No vibration in the drain due to no garbage disposal so that's good. 

White basket strainers would have to be plastic because the brass painted ones will never hold up.

They wanted stainless to match the faucet.


The reason I tried gluing that connection with pvc glue and cleaner was because that end outlet kit was a hard PVC that's not translucent. It's pretty solid stuff. Don't know about you all but in KY we have to glue the trap arms right into the wall where it connects to 1.5" PVC. I figured that idea would work since the material was identical.....and literally, it might of glued...it's just that I was impatient trying to get this done.

When I pulled it apart to silicone, it was hard to pull apart so maybe 10 minutes might of been the cure.
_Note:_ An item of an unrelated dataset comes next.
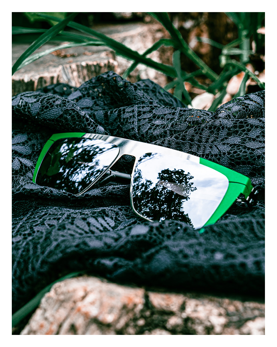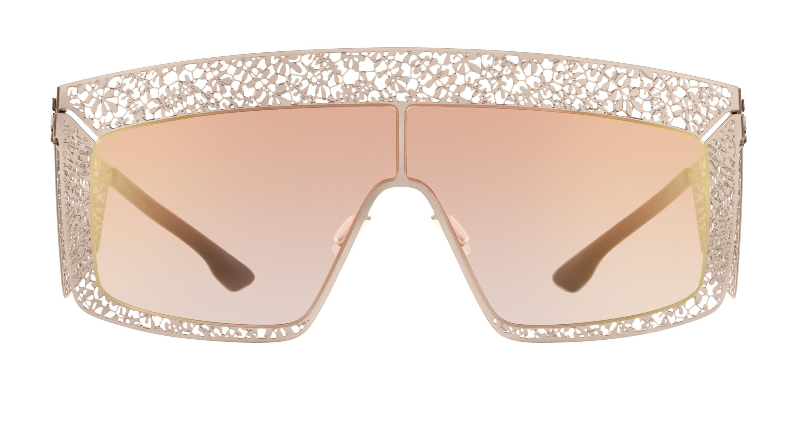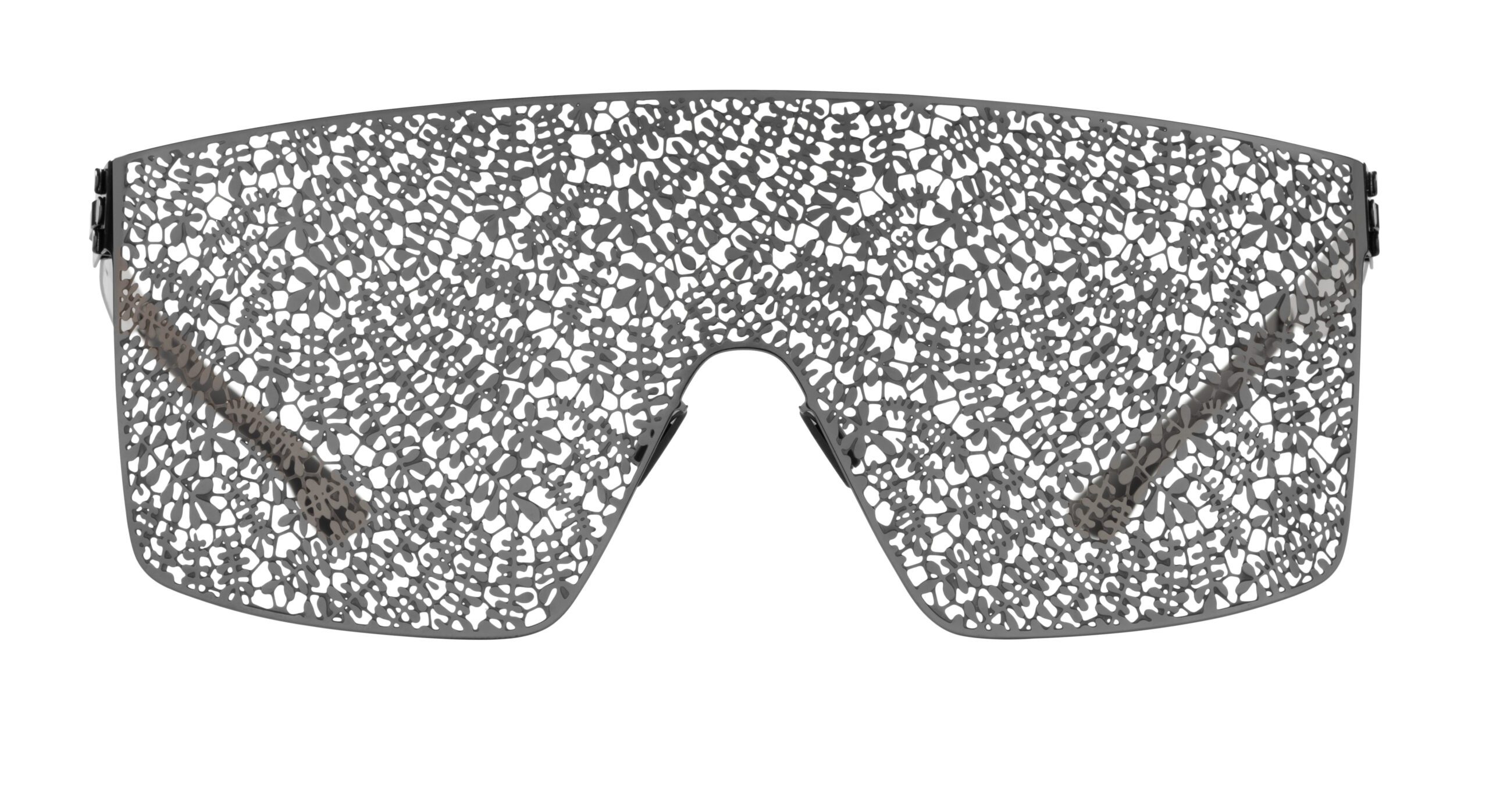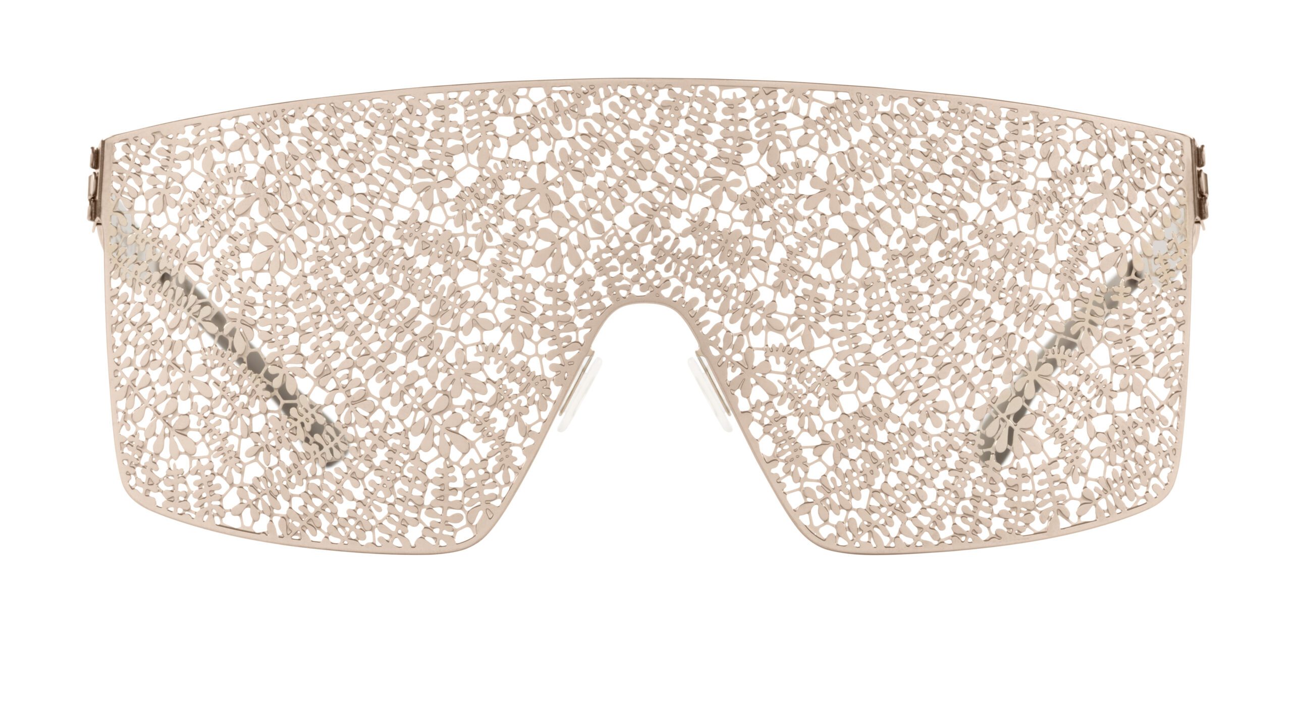 In this collection, there are five different styles, three being the Bibhu 01, Bibhu 02, and Bibhu 03. The family of three all tie in colors or lace patterns that were featured in Bibhu’s September collection, creating the ideal balance of feminine elegance and intelligent design. Additionally, the collection features showpieces: The Veil and Lace Visor. These highly anticipated glasses are unique as they offer a more impactful design that highlights the lace sequence incorporated throughout Bibhu’s clothing.

When I smeared silicone like a good hack does, and pushed it back together, it was extremely harder to push together....like the piping swelled up. Tight fit and I smeared some of the caulk around the top edge, call it done.


Now, I gots no intention to do this ever again, but something for thought for those of you that constantly have your hands on piping underneath sinks.
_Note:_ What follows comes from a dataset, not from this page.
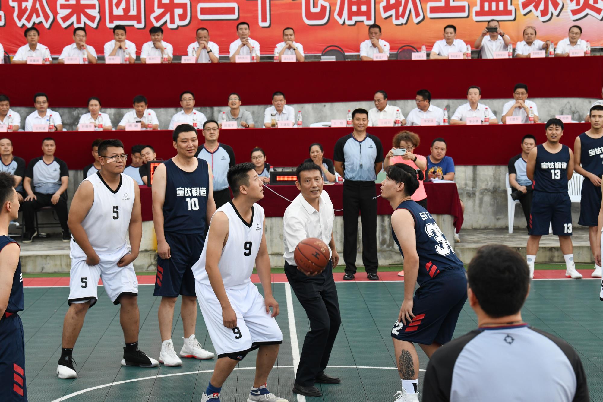 8月13日晚7時(shí),由寶鈦集團(tuán)工會(huì)舉辦的第二十七屆職工籃球賽在老區(qū)燈光籃球場(chǎng)拉開(kāi)帷幕,公司權(quán)屬15家單位15支代表隊(duì)180多名運(yùn)動(dòng)員將在這里進(jìn)行為期12天的比賽。公司黨委副書(shū)記、工會(huì)主席王建超,副總經(jīng)理、寶雞籃球協(xié)會(huì)副主席王儉,工會(huì)副主席田周平及本屆組委會(huì)成員、公司工會(huì)各部門(mén)負(fù)責(zé)人、寶鈦籃球協(xié)會(huì)成員及各參賽單位領(lǐng)隊(duì)參加了開(kāi)幕式。
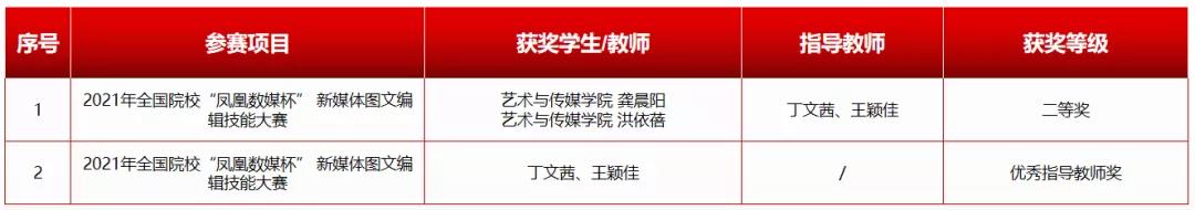 图说:2021年全国院校“凤凰数媒杯”新媒体图文编辑技能大赛获奖名单出炉。艺术与传媒学院学生龚晨阳、洪依蓓从12所院校120余支队伍里脱颖而出,获得二等奖,教师丁文茜、王颖佳获得优秀指导教师奖。

Hot/Cold/Hot/Cold/Hot/Cold tens of thousands of times, and the first thing that gets hard under that sink is the nuts and the ferrules.

I don't think I've ever done work on a plastic tubular drain system that "didn't" have leaks at those compression connections.
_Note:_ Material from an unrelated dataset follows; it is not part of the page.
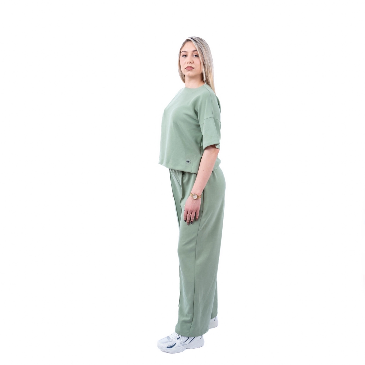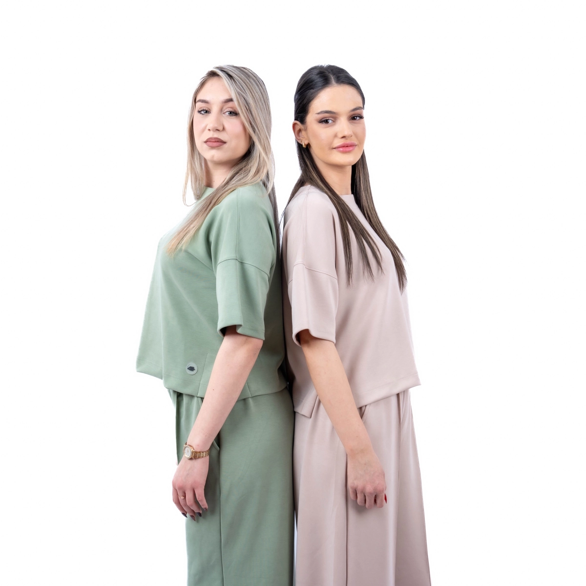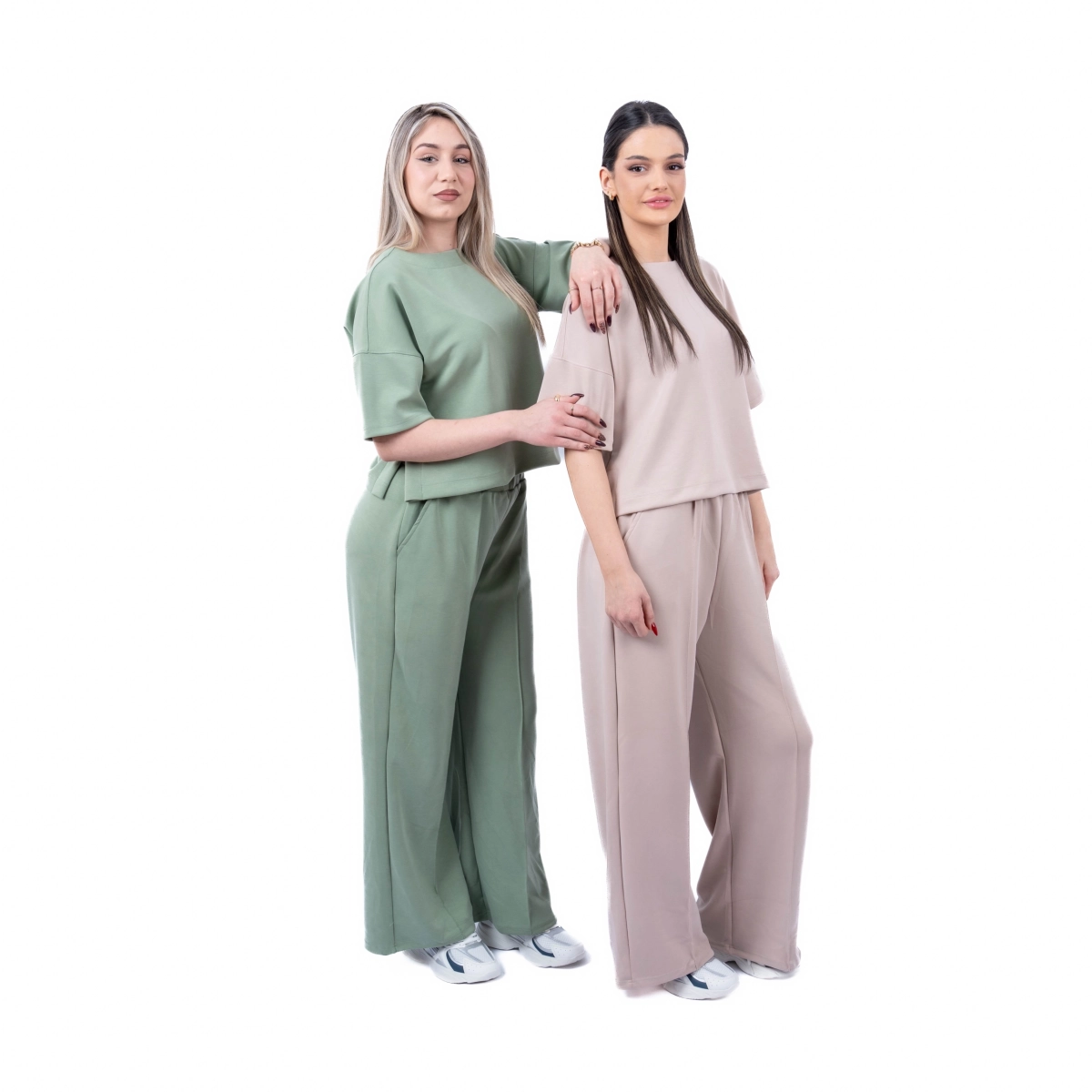 Minimalizam koji radi za tebe. Ovaj ženski komplet donosi opušten kroj i čist dizajn koji lako prelazi iz kućne varijante u urbani dnevni stil.

The ferrules break or the nuts harden and they're not sealing anymore. That's why when you work on drains like this, expect those connections to leak someday.

Disposals, the cheap ones don't help their plight either. 

But as I said, this job took the life out of me today, I managed two jobs and that laying on the floor, hands and knees for half a day fighting the problems was more evidence that I'm getting too old for some of these jobs.

I personally believe the customer will want that disposal back, but I could be wrong. 

I would be really suprised to hear of that connection leak anytime soon knowing how tight it pushed together. 

I'll be doing work at this house again and if it leaks, I'll glady switch it all out underneath. 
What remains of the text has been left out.